Rabbit polyclonal antisera to the following marker proteins were used as fractionation controls: Tom40 (outer membrane), Ccpo (intermembrane space), Yta10 (inner membrane), and Mge1 (carbonate soluble matrix protein) (a gift from R. Stuart and W. Neupert). The cytoplasmic marker protein was 3-phosphoglycerate kinase, which was probed with monoclonal antibody 22C5-D8 from Molecular Probes.
Proteinase K treatment of the isolated mitochondrial fraction was performed on ice for 10 min with 50 μg of proteinase K per ml.
Purification of the recombinant Hmi1 protein.

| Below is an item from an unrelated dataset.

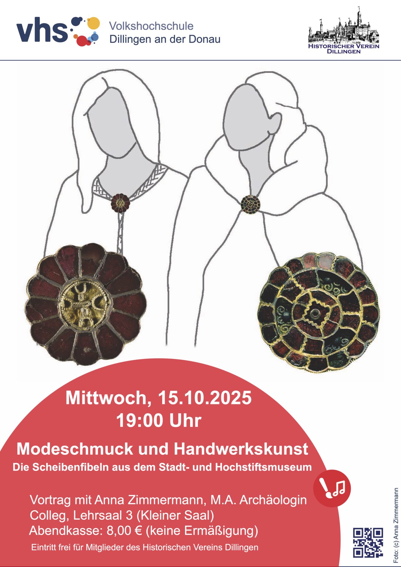 Zum Verschließen ihres Mantels nutzen Frauen im Frühen Mittelalter sogenannte Scheibenfibeln, die dem Prinzip einer Brosche entsprechen. Scheibenfibeln wurden mit unterschiedlichen Materialien und technischem Aufwand hergestellt. Das Qualitätsspektrum reicht von simplen Objekten aus Buntmetallblech bis zu komplexen Objekten aus einer Goldlegierung und Halbedelsteinen. Anhand der Qualität der Scheibenfibeln lassen sich Rückschlüsse zum sozialen Status ziehen. Dies wird exemplarisch anhand der Scheibenfibeln aus dem Gräberfeld von Schretzheim vorgeführt, die im Stadt- und Hochstiftmuseum in Dillingen aufbewahrt werden.

The HMI1 ORF lacking the last 15 codons was cloned into the BamHI site of the pGEX41 vector, and the Hmi1 protein was expressed as a glutathione S-transferase (GST) fusion protein in E. coli BL21. The bacterial culture was propagated at 23°C and induced with 0.4 mM IPTG (isopropyl-β-d-thiogalactopyranoside) for 6 h. The pelleted bacteria were resuspended in the lysis buffer (50 mM Tris, pH 8.0; 300 mM NaCl; 1 mM EDTA; 1 mM dithiothreitol [DTT], 1 mM PMSF; 10% sucrose) and treated with 1 mg of lysozyme per ml for 1 h on ice, followed by one cycle of freeze-thawing. The GST-Hmi1 fusion protein was bound to glutathione-Sepharose 4B beads and eluted in 10 mM glutathione–20 mM Tris (pH 8.0)–300 mM NaCl–1 mM DTT–20% glycerol. The GST-Hmi1 fusion protein was cleaved with thrombin (10 U/0.4 mg of protein) for 12 h on ice. The sample was diluted to 100 mM NaCl and loaded onto a Q-Sepharose column. The Q-Sepharose flowthrough, containing the Hmi1 protein, was loaded directly onto an S-Sepharose column. The S-Sepharose column was washed with 20 mM morpholine ethane sulfonic acid (pH 6.5)–150 mM NaCl–0.1 mM EDTA–1 mM DTT–20% glycerol, and the Hmi1 protein was eluted in the same buffer containing 400 mM NaCl.
Helicase assay.
A 28-nucleotide oligonucleotide was labeled with polynucleotide kinase and [γ-32P]ATP (specific activity, 3,000 Ci/mmol) and annealed with the single-stranded phagemid pUC119. The annealed substrate was purified on a Sepharose 6B column. DNA unwinding assays (20 μl) were performed in buffer containing 20 mM Tris (pH 8.0)–10 mM MgCl2–1 mM DTT–4 mM ATP–0.1 mg of BSA per ml–substrate DNA (2,000 to 5,000 cpm). The reactions were incubated for 10 min at 30°C and were stopped with 5 μl of 0.5% SDS–50% glycerol–50 mM EDTA–0.1% bromophenol blue; they were then analyzed on a 10% nondenaturing polyacrylamide gel. The gels were dried and exposed to X-ray film.
RESULTS
The helicase encoded by the YOL095c ORF is essential for mitochondrial respiratory activity.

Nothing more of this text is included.